Fracking Pullbacks Fail to Diminish Water Management Market Value

Fracking Pullbacks Fail to Diminish Water Management Market Value
Despite a decline in hydraulic fracturing activity, the value of the fracking water management market remains at $1.9 billion, Lux Research reports.

The estimated value of the hydraulic fracturing water management market remains at $1.9 billion for 2015 – not including water transportation and disposal opportunities – despite the sharp decline in fracking activity due to weakened global oil prices.

U.S. frac activity remained strong for several months following the start of oil’s decline in July 2014, but finally started to start slow in January. The number of fracs in the United States declined from around 2,300 in October 2014 to 1,350 in February 2015, as companies refocused their efforts on their core regions and most economic resources, according to a recent study by Boston-based Lux Research.
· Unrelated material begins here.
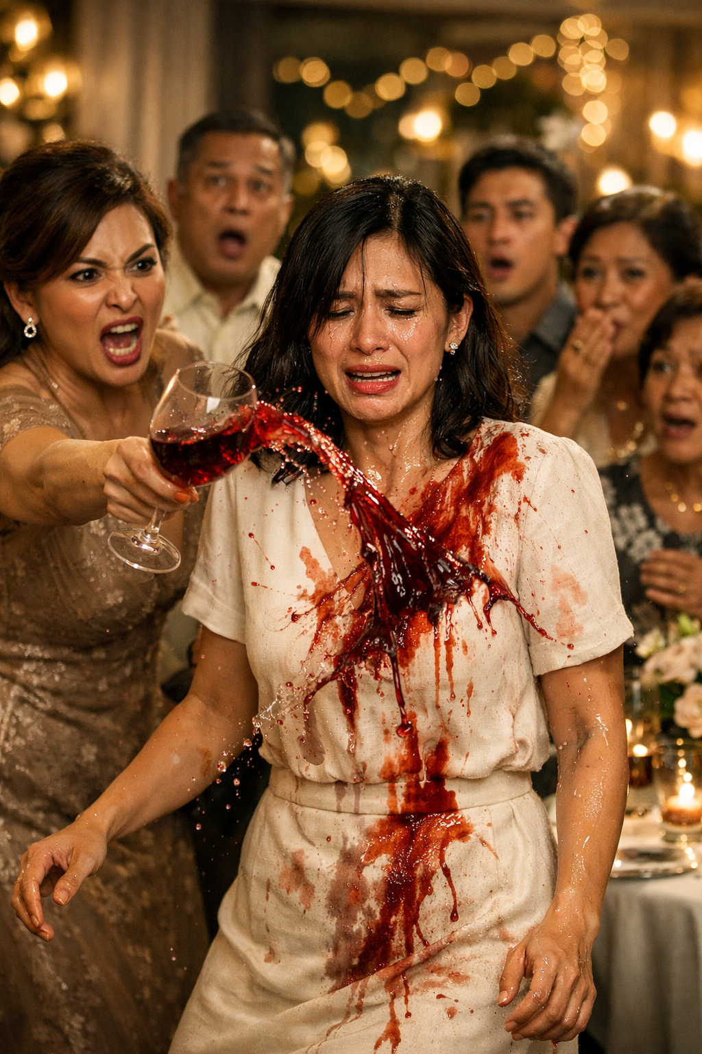At saka nangyari ang hindi na mababawi. Habang nakatingin ang lahat, lumapit si Celeste kay Eliana, kunwa’y may ibubulong. Ngunit sa halip, bigla niyang ibinuhos ang laman ng wine glass sa dibdib at mukha nito. Sabay humiyaw si Tita Viola, “Ayan! Baka sakaling matuto kang huwag magmukhang kawawa sa reunion ng pamilyang hindi mo naman kayang sabayan!” Napasinghap ang buong bulwagan. Ang pulang alak ay kumalat sa puting bestida ni Eliana, tumulo sa katawan niya na parang dugo ng mga taon ng pananahimik. Napapikit siya sa lamig at sa sakit ng kahihiyang ibinato sa harap ng lahat. Ngunit wala pang nakakaalam na ang gabing iyon ay hindi pa tapos. At ang pulang bahid na akala ng pamilya niya ay tanda ng pagkapanalo nila, ay siya palang magiging simula ng kanilang pinakamabigat na katahimikan.
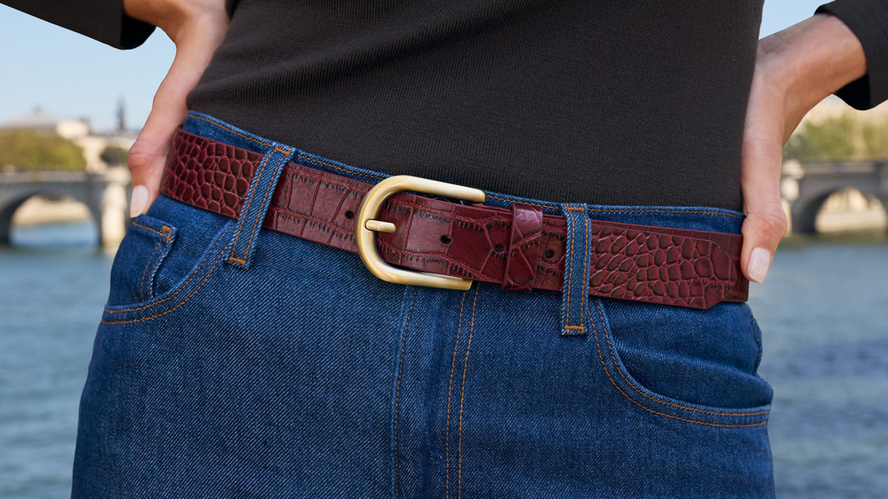Barni BeltVintage Distressed Croc Leather ‑ OxbloodOriginal price: $79.00Current price: $63.20This is a carousel with one large image and navigation arrows below. Select the previous slide or next slide buttons to change the main image. Click on the main image to navigate to the the product detail page. Click on the "Quick Shop" button to open the quickshop modal.

Significant pullbacks occurred in the Permian, Eagle Ford and Barnett plays in Texas, while the Marcellus play in northeastern Pennsylvania, which produces mostly dry gas, experienced less pullback than southwestern Pennsylvania, which mains produces wet natural gas.

However, the water management market – from sourcing to disposal – remains strong for companies that know how to play the opportunity, Lux noted in an Aug. 12 press statement.

“As oil and gas companies look for ways to cut back on capital spending, operators turn to new technologies in water treatment to tighten up their water management strategies and lower costs associated with water treatment, transportation and disposal,” Lux said in the report, “Surviving the Shakeout in Frac Water Treatment Technologies”.

Potential regulations that could tighten oversight of water transportation and disposal and facilitate more expensive water recycling also could drive more demand for water treatment technology, said Brent Giles, Lux research director and one of the authors of the report, in an Aug. 12 press statement.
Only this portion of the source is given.